Elements of Mold Design That Influence Morphological Evolution

Schematic of design elements Design feature How design element controls morphological evolution
graphic file with name inl-1.gif Rod length Shorter rods more stable, predictable time to rupture, predictable point of rupture, rupture point dependent on width, no rupture for some cell types
  Rod width Wider rods more stable, predictable time to rupture, influences point of rupture, no rupture for some cell types (e.g., H35)
graphic file with name inl-2.gif Post diameter Creates circumferential tension around post, creates uniaxial tension between two posts, controls diameter of microtissue
  Post height Minimum height needed for stability
graphic file with name inl-3.gif Cone diameter Dictates starting point of circumferential tension
  Cone height Dictates time until tissue is released from mold
  Cone slope Dictates rate at which tension is dissipated
graphic file with name inl-4.gif Placement of obstacles Controls overall size and shape of microtissue, dictates lines of tension in microtissue, controls when and where tension is released

Varying the width and length of the connecting rod region showed how these design parameters can control tension in the dogbone tissue. Trough width dictates the cross-sectional area throughout the continuous trough of the dogbone, including the rod and the area surrounding the posts. The larger the cross-sectional area, the more cells there are to resist rupture via cell–cell adhesions and inward radial contractile forces. As rod width was reduced, tissues ruptured sooner because there were fewer cells to resist rupture. Mapping the points of rupture supports this conclusion. When toroid and rod widths were equal, stability was greatest and rupture occurred in both the toroid and rod regions. As rod width was decreased, rupture points shifted preferentially to the rod region.

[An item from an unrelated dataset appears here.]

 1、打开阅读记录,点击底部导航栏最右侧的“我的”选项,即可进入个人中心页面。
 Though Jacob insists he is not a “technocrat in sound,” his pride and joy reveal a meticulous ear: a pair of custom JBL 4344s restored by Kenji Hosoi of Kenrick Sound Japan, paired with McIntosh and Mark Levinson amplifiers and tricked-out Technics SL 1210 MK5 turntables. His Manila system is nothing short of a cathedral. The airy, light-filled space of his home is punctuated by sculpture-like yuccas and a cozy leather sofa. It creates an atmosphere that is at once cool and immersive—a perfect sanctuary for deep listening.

In contrast, rod length and trough circumference in the toroid region dictate the total number of cells (cell volume) that exert the uniaxial or circumferential force that eventually causes rupture in the rod or post regions, respectively. The longer the trough, the greater the cell volume; thus, the greater the uniaxial or circumferential force that leads to rupture. Most of our dogbones ruptured even when the trough width was uniform throughout the design, suggesting that the uniaxial and circumferential forces of our most stable design were not perfectly balanced for fibroblasts, a cell type we have shown exerts the greatest forces during self-assembly.13 After the initial aggregation phase, the most stable dogbone tissue had the following dimensions: uniform tissue width of ∼650 μm, rod length of ∼3.6 mm, and inner circumference around post of ∼2.5 mm. When we increased the length of the rod, we found that longer rods ruptured sooner than shorter rods, presumably because longer rods have a greater cell volume, which exerts greater forces versus the cell volume surrounding the posts. One would expect that rupture should then map preferentially to the toroid region. However, this shift in rupture points was not observed. This may be due to longer rods being more likely to contain a point of nonuniformity that would act as a nidus for rupture.

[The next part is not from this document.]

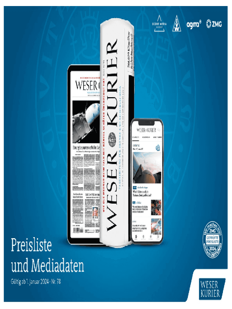 Wichtige Informationen Verlag Bremer Tageszeitungen AG Martinistrae 43 28195 Bremen www.weserkurier.dePreisliste und Mediadaten Nr.78(Preisangaben in Euro zzgl. MwSt.)AuftragsService Tel. 0421/36714210

Points of rupture are of interest to morphological analyses because they are locations of greatest tension that dramatically alter both the tissue as well as the cells in that location. Cells can react to this high-tension environment in several interesting ways at both the cellular (e.g., stretching) and molecular levels. It would be interesting to investigate the nature and organization of the focal adhesions at these sites of high tension and cell stretching.

Tension can be modulated by the design of the shape of an obstacle dictating when and where tension is released in a self-organizing tissue. Posts with vertical sides create the highest level of tension in a tissue and sustain this tension for the longest time. In the dogbone, this sustained tension results in an eventual tissue rupture. In contrast, an obstacle in the shape of a cone creates tension, but this tension is gradually released as the tissue slides up the nonadhesive cone, a tension modulator. Previously, we showed that toroid-shaped tissues of the H35 hepatocyte cell line were sensitive to a cone's slope, with toroids moving more slowly up a steep slope (85o) than a shallow slope (55o).13 In contrast, the rate of movement of NHF toroids was unaffected by slope. Thus, the rate at which tension in a tissue is released is related to the cell type and the slope of the cone. The time over which this tension is completely released is related to the height of the cone. Furthermore, as shown with three-ring tissues and honeycomb tissues, the placement of cones versus posts in a design dictates where tension is released in a large self-organizing tissue.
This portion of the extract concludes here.